# Pics of peaches



## Mrs Bennett (Aug 2, 2013)

I had to adjust Peaches harness today and it dawned on me that she is growing up so quickly so I thought I'd take more pics :clap2:

She has captured our hearts and we love her so very much. I hope you like my pics xxx


----------



## Pucks104 (Aug 16, 2012)

Peaches looks so sweet! Thanks for sharing.


----------



## Mrs Bennett (Aug 2, 2013)

Thanks Pucks104. They grow so quickly don't they. I love Leo. He is too cute.


----------



## gelbergirl (Jun 9, 2007)

They are little for only a short time - enjoy this special time, Peaches is beautiful!


----------



## krandall (Jun 11, 2009)

She's adorable!!!


----------



## sandypaws (Aug 8, 2012)

She's very cute! Thanks for the update.


----------



## jmombo (Jul 7, 2013)

Awww, Peaches looks a lot like my Zuzu!! ADORABLE!!


----------



## Mrs Bennett (Aug 2, 2013)

Thanks guys  your babies are all beautiful too. I did add 4 pics but only 1 is showing  don't know what happened there. 

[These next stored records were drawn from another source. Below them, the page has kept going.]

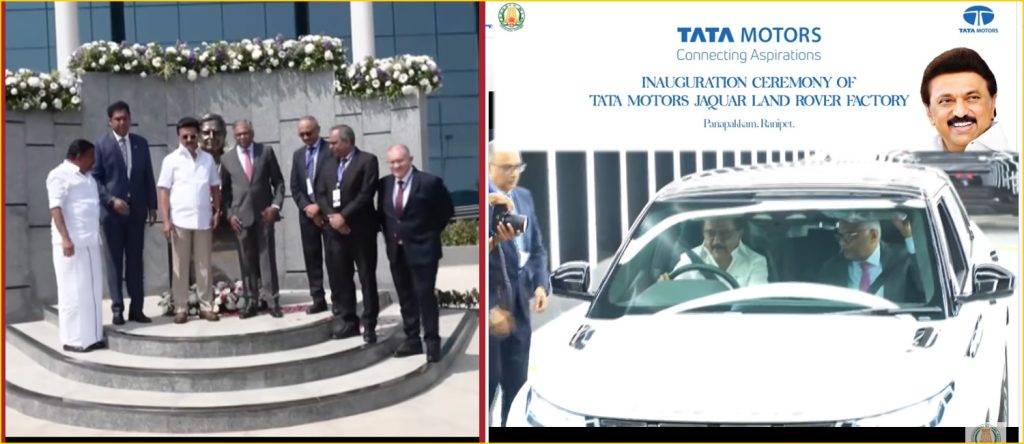 ராணிப்பேட்டையில் அமைக்கப்பட்டுள்ள டாடா நிறுவனத்தின் ஜாகுவார் லேண்ட் ரோவர் கார் உற்பத்தி ஆலையை முதலமைச்சர் மு.க.ஸ்டாலின் இன்று திறந்து வைத்தார். இந்த ஆலைக்கு கடந்த 2024ம் ஆண்டு செப்டம்பரில் அடிக்கல் நாட்டப்பட்ட நிலையில், ஆலையை இன்று உற்பத்திக்காக திறந்து வைக்கப்பட்டு உள்ளது.
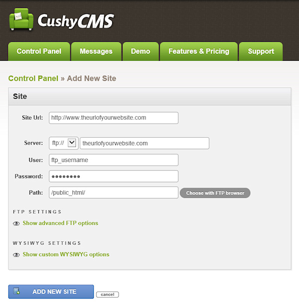 Go to the website: https://www.cushycms.com/ and click 'Sign Up'. Configure the site details, like the Site URL, FTP account and page location. Further details about the setup can be found in the CushyCMS documentation.
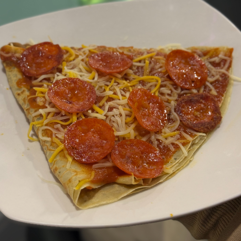Deliciosa crepa rellena de salsa de tomate,mezcla de quesos y pepperonis

I'm loving this forum. It's so wonderful to meet people that have the same passion as me and I just love the pics of everyone's Hav's however, I don't think I've ever seen a havanese that I don't instantly love xx


----------



## Ruth4Havs (May 13, 2013)

What a cute little face! Btw, I love her name!


----------



## Eddie (Feb 11, 2012)

*What a beautiful little girl. :kiss:*


----------



## Regina (Mar 9, 2013)

Beautiful picture,...pure sweetness in that little face.


----------



## Ruthiec (Jun 18, 2013)

What a little peach


----------



## Sparkle (May 17, 2012)

They do grow quickly, don't they? How old is she now? Peaches is a little doll.


----------



## whimsy (Apr 3, 2010)

oh what a doll!!


----------



## puppy-love (Nov 9, 2012)

Such a sweet face!

Sent from Petguide.com Free App


----------



## lfung5 (Jun 30, 2007)

She is adorable! What a pretty face


----------



## Pixiesmom (Jul 31, 2008)

Aww what a sweetie pie!


----------



## Mrs Bennett (Aug 2, 2013)

Thanks all for your lovely comments. Sparkle, she's now 11 weeks and just a bundle of joy. If only we could stop the play biting..... Xx


----------



## tra_po (Aug 14, 2013)

Oh what a sweet girl she is... And Peaches... I love her name!!


----------



## CatWoman (Sep 8, 2013)

Cute puppy!


----------



## Mrs Bennett (Aug 2, 2013)

Thanks Traci. We chose it because her ears, stripe down her back, back feet and tip of her tail are a peachy colour. You can't really see it on the pics yet though. I can't wait to see how her colouring turns out  xx


----------